Not that In Bruges was the worst film I saw this week; that award goes to M. Night Shyamalan's The Happening. I have found Shyamalan's films equally annoying and interesting in the past, but one thing I really hate about them is the way he bolsters them with dreamy pans and frightfully earnest music. The Happening is too risible for comment and I think I may be watching it again some time in the future as part of a so-bad-it's-good-themed party night. I promise whoever puts it on I'll be a little indulgent.

Here's the trailer for Waltz with Bashir:

Saturday, July 05, 2008

A Picture That Makes Me Feel a Whole Lot Better About Myself


I know he's had a bit of a long lay-off but this takes some beating; like Maradona is his post-footballing prime. And wearing black doesn't do much to cover it up...

Friday, July 04, 2008

No Match for Quebec

Red faces at Paris Match where the mother of all glossy magazines did a 35-page spread to celebrate yesterday's 400th anniversary of the foundation of Quebec City (the first francophone settlement in North America) while concentrating mostly on the province of Quebec and its current capital Montreal, both of which date from somewhat later. Folks in Quebec aren't too happy, decrying French insularity and ignorance and despite an editorial mea culpa surely this will be an example of incompetence that will dog the magazine for years to come.

Let it Fly

A matter of principle prevents me from going to see David Cronenberg's first opera production, an adaptation of his own film The Fly, by Howard Shore, writer of the film's original score and Cronenberg's usual collaborator.

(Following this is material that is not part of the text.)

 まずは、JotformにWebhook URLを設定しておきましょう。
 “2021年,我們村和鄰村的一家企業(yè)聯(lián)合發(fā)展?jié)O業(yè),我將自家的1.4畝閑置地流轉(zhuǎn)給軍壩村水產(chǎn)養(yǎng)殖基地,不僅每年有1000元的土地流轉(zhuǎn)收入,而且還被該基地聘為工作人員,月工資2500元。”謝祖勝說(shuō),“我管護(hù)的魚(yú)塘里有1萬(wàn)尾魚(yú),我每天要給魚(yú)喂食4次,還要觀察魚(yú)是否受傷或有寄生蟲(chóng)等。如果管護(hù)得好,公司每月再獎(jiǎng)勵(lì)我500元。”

I have to say I am tempted, as I was by other Parisian opera productions by celebrated filmmakers in the past couple of years, such as Michael Haneke's Don Giovanni and Emir Kusturica's The Time of the Gypsies, and Cronenberg is one of the greatest directors of his generation and probably the greatest English-speaking director alive. Apart from a few years of muddled films in the 1990s, Cronenberg has been consistenly brilliant in his examination of contemporary man's grappling with all-consuming technology, sexual obsession and violence. His films eschew the self-aggrandizing bluster of others such as Martin Scorsese and Brian de Palma, who never pass up an opportunity to remind audiences how revolutionary each new film supposedly is (and in the case of each of these, that is never the case). Cronenberg's modesty is reflected in his refusal to take himself too seriously and in his ability to treat of high art and popular culture with equal ease.

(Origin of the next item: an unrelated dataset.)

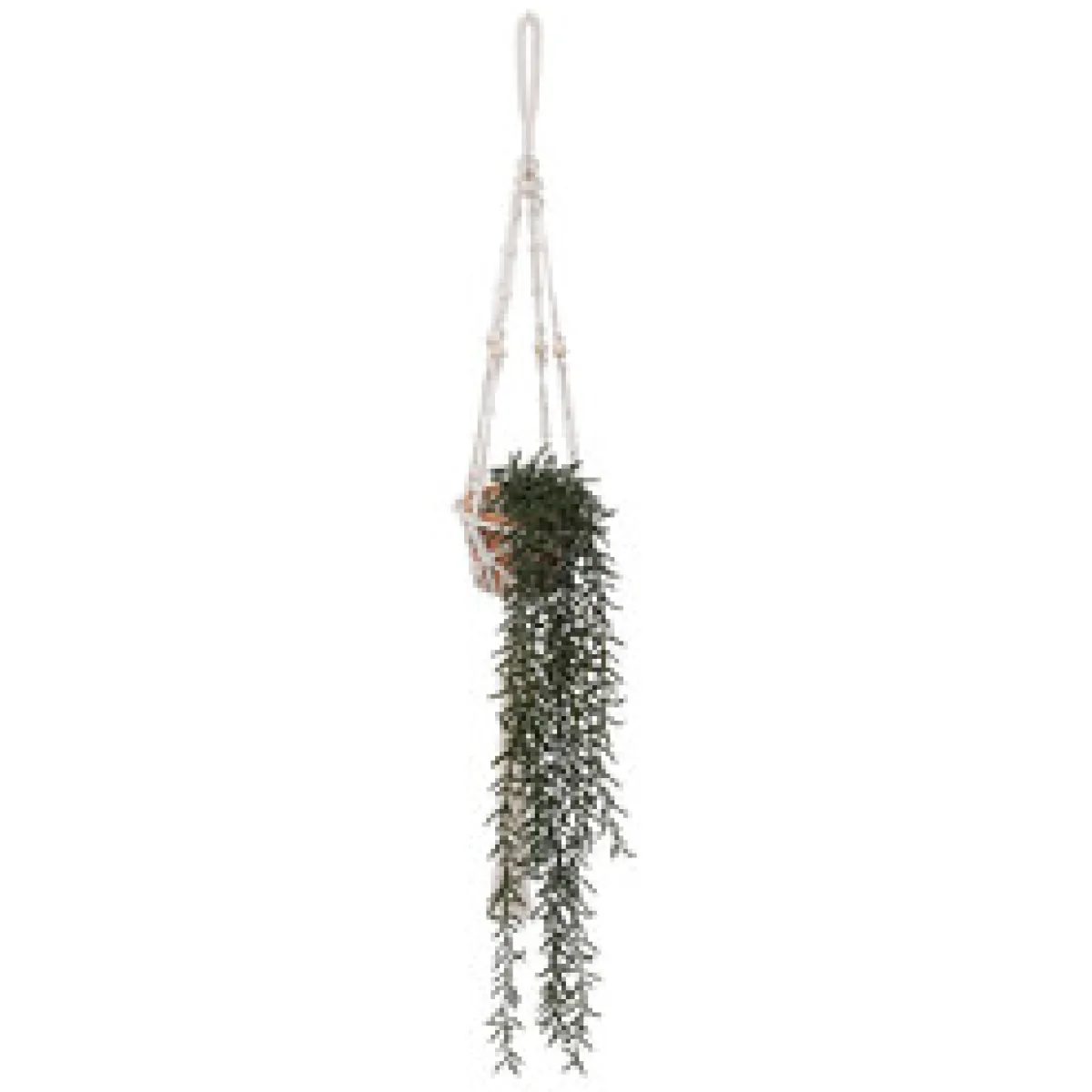 Maceta Terracota Colgante Con Planta Artificial | 90x13cm | Descubre la oferta de Plantas Artificiales que tenemos para ti. Flores Artificiales que mantendrán tu hogar siempre decorado | Color: Terracota, Verde | Medidas: 90x13cm | Material: Arcilla, Algodón, Polietileno | Marca: Atmosphera

So why will I not go and see The Fly at Théâtre du Chatelet? It's not short on star-studded talent, as well as the score by Shore, there is a libretto by David Henry Hwang, whose play M. Butterfly provided the basis for Cronenberg's own 1994 film of the same name; the musical director is none other than Placido Domingo and the set design is by the great Dante Ferreti. My reason for staying away is that it's only Cronenberg that would get me into an opera house in the first place and I feel that going along would be imposture of the highest order. I know very little about opera, I can't say I understand it very well and I'm not even that curious in the broadest sense. I always get irritated when theatre folk tackle cinema because it seems to them to be an obvious step across because it involves human actors like their own métier. Unfortunately the vast majority of theatrical practitioners bring nothing of worth to film, grossly misunderstanding - and underestimating - the medium, being hidebound by their own art form, which, while it is a noble one, has little in common with a fluid and heavily mnemonic one as film is. Of course there have been some excellent filmmakers to have come from theatre, but for every Bergman, Welles or Fassbinder there are ten Anthony Minghellas, Kenneth Branaghs or Martin McDonaghs. I wish Cronenberg the best of luck in his new departure, and I hope that operagoers will be able to enjoy it without irritation (though the review of the show in today's Libération is not too complimentary) but this is a chapter in his career that I will respectfully sit out.